For this test, we are less interested in fetching the entire contents of the 3M crawl database, but rather how performance varies when using common Nutch commands (inject / generate / parse / update). The fetch time is less relevant here as it is mainly network-bound and is affected less by the differences in storage between both versions.

Disclaimer : It is important to note that we are not comparing Cassandra and HBase themselves, but via  their respective Gora modules and any conclusions drawn are not necessarily applicable in general.  What we are presenting here is what a user gets when using Nutch 2.x with the default configuration for these backends.
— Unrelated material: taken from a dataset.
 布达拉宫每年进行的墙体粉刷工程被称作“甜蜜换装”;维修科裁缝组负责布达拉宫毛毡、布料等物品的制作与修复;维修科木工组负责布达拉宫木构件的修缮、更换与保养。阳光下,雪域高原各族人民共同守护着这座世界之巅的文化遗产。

As we will see later, a lot depends also on the design of Nutch 2.x itself.


Setup


Nutch 1 version: apache-nutch-1.7
Nutch 2 version: apache-nutch-2.2.1
Cassandra version: cassandra-1.2.9
Hbase version: hbase-90.4


We used a large AWS EC2 instance (available at http://aws.amazon.com/ec2/) with 7.5 GB Memory with Hadoop 1.2.0 installed with Apache Whirr. Mapreduce has been configured to allow a maximum of 2 Mappers and 2 Reducers available.

Nutch  configuration

To make the different crawls comparable in terms of the handled urls, newly-discovered links on the webpages are not added to the crawl database, but we only fetch the ones that belong to the original 3M. Furthermore, we limit the number of urls per host to 100 and the size of the fetchlist to 5K.
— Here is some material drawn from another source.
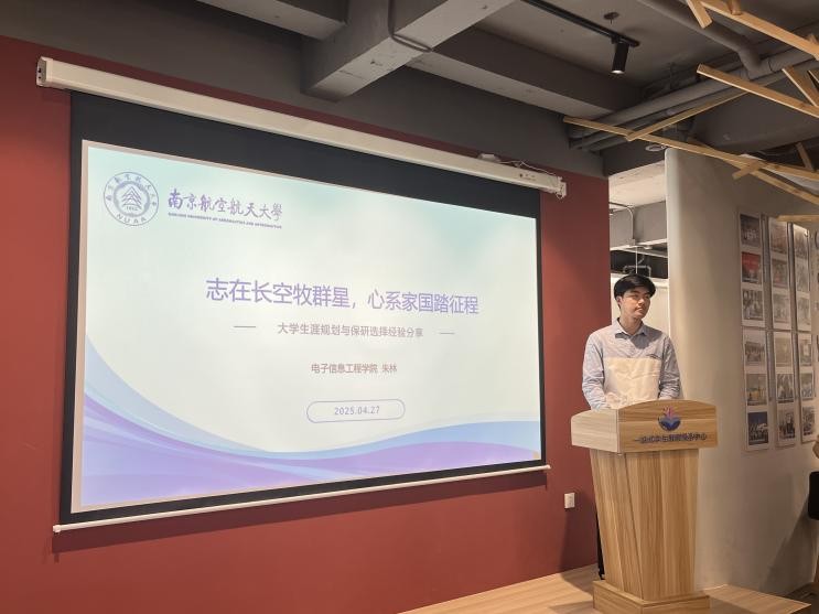 4月27日,“就业星talk”国防研究所升学经验分享会在将军路校区“一站式”中心举办。本次活动由大学生就业创业指导服务中心主办,久久小说 承办。我院2025届本科毕业生朱林以“志在长空牧群星 心系家国踏征程”为主题分享个人生涯规划,20余名本科生参与本次活动。

These parameters are set in nutch-site.xml with the following properties: 

<property>
 <name>db.update.additions.allowed</name>
<value>false</value>
<description>If true, updatedb will add newly discovered URLs, if false
only already existing URLs in the CrawlDb will be updated and no new
URLs will be added.
</description>
</property>


<property>
<name>generate.max.count</name>
<value>100</value>
<description>The maximum number of urls in a single
fetchlist. -1 if unlimited. The urls are counted according
to the value of the parameter generator.count.mode.
</description>
</property>


Note that the the number of urls per fetchlist can also be set in the crawl script, which we run from runtime/deploy/bin. We also removed the lines in the script which were related to indexing operations as these were less relevant for the comparison.

Results

The results can be found in the table below where the values are the averages for each step over 3 runs. The average time per iteration excludes the fetching as explained above. The steps vary a bit between Nutch 1.x and 2.x (e.g. generation done in a singe step, inlinks computed as part of the update in 2.x) but 


Task on 3M urls/ 5K per iteration as listed in Nutch 1.x/
100 urls/host
Nutch 1.7
Time (min) per Tasks in Iteration
averaged over 3
runs
Nutch 2.2.1 & Cassandra
Time (min) per Tasks in Iteration
averaged over 3
runs
Nutch 2.2.1 &
Hbase
Time (min) per Tasks in Iteration
averaged over 3
runs
inject
15.17
85.41
27.25
crawldb
2.20
-
-
Iteration:



generate:select
5.11
11.8
18.54
generate:partition
0.33
-
-
fetch
12.9
34.0
38.9
parse
2.0
7.6
13.64
crawldb:update
3.14
26.3
18.27
linkdb
0.41
-
-
linkdb-merge
1.08 (last 2 it.)
-
-
Avg. per Iteration (min.)
12
45
50
Total Time (min.)
29
130
78


As we can see from these figures, Nutch 1 beats Nutch 2 with both Cassandra (N2C below) and HBase (N2H) on all tasks and with a considerable margin. Who is to be on second place is less clear, as we shall see when looking at the different steps involved in more depth. 

Injection is obviously fastest in N1 (17 minutes), while, N2H takes almost double the amount of time for the same task (27 minutes), but this is still exceeded by N2C, where Injection takes a staggeringly 85 minutes. 

However, it makes up for it during the iterations, where on average it is about 10 minutes faster than N2H. So if we were to run the crawl with more iterations, the longer time taken for injection (as this is only done once) would take less weight in the total. Within the iteration and except for the updating step, N2C is usually faster than N2H. 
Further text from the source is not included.